Justin Lindsey, who owns a Chick-fil-A restaurant in Kendall, Florida, is allowing employees to work the equivalent of a full 40-hour week in just three days, with four days off. He hit upon the idea of an ultra-condensed and unchanging schedule this winter, when the restaurant had been open for about half a year.
"They could plan their life around it — they could plan vacation, child care, school," said Lindsey, 42, of employees who opted for a three-day week. "I wanted them to be able to look out six months from now and know what days they were going to work."
It took several weeks to bring his staff around to the idea, said Lindsey.

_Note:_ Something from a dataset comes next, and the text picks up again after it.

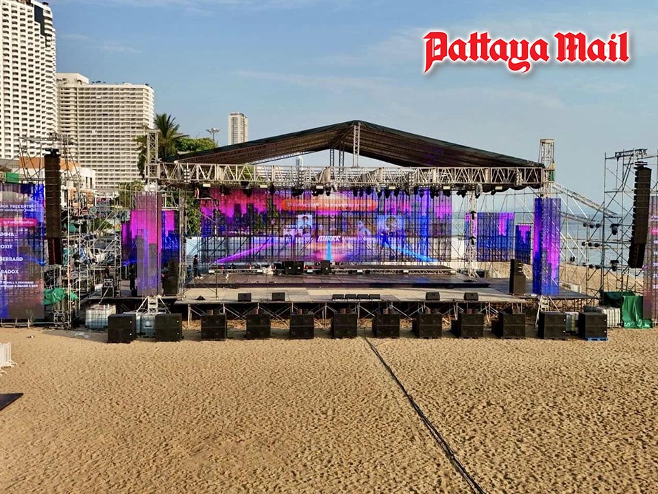 Stages are being prepared along Jomtien Beach ahead of the upcoming Pattaya Music Festival 2026, where popular Thai artists are set to perform during the second weekend of the beachfront event.

In particular, he said workers were incredulous that they wouldn't be "on call" on their days off and required to come in on short notice if the restaurant was shorthanded — a common practice at fast-food restaurants as well as among large retailers.
But months into the experiment, Lindsey said it's working better than he could have imagined.
"We have a manager who's from Scotland — he's taken two trips back to Scotland this year and he still has PTO available," he said, noting that another manager was able to graduate from the University of Central Florida thanks to her three-day schedule and intends to keep it while she pursues a master's degree.
To accommodate the shorter week, Lindsey created several "pods" of employees who would each work three extra-long shifts a week, rotating to spread out weekend shifts equally. So far, about a quarter of the restaurant's roughly 160 employees have shifted to the three-day schedule, according to Lindsey.
The three-day schedule is made easier because his restaurant, like all Chick-fil-As, is closed on Sundays. That means six work days can be evenly split among two working pods. One set of employees works Monday through Wednesday, while the other works Thursday through Saturday the groups switch periodically so the burden of working Saturdays, the busiest day, is spread evenly.
Longer days
The tradeoff of fewer shifts, of course, is longer hours. Each shift of a three-day schedule can be a potentially grueling 13 to 14 hours.
"It does take a little bit of an adjustment," Lindsey said, but added that most of the staffers working a three-day week were already working long days, so the additional stretch was manageable.
For his restaurant, the chief benefit is consistency, said Lindsey. Previously, there would be kinks in service because staff would be working different, overlapping shifts.
"For [workers] it's great because they know what the schedule is, and for us it's great because we can stretch the shift to cover all our peaks during the day," he said. "In the traditional schedule, managers would come and go throughout the day. Someone would come in to open and leave at 1 p.m., someone else would come in at noon and leave at 10."
A Chick-fil-A corporate spokesperson said no other restaurant in the franchise has tried to implement a three-day week. But Lindsey said many other Chick-fil-A owners have expressed interest and contacted him for help implementing the scheduling policy.
Lindsey's novel approach could also prove useful in attracting workers. He told CBS MoneyWatch that he's been flooded with applications since posting some open jobs. In one week, the restaurant got nearly 430 applications for the positions, which pay $15 to $17 an hour and include health benefits.
Restaurant trade publication QSR reported that Lindsey's location is on track to pull in $17 million in sales this year — more than double the $8 million a year average for a single location.
Lindsey has 12 years of restaurant experience, all of them with Chick-fil-A. (He owned a mall restaurant for 11 years before switching to the Kendall location in 2021.) His unusual schedule is in sharp contrast with the trend in the food service world toward just-in-time scheduling, in which staff work unpredictable and irregular schedules, supposedly as a way to better accommodate the ebb and flow of business.
"Your time doesn't belong to me because you work for me — it's your time," Lindsey said. "I"ve made that mistake before. I've sacrificed time with my family for the business. And that's time that is precious, that you can't get back."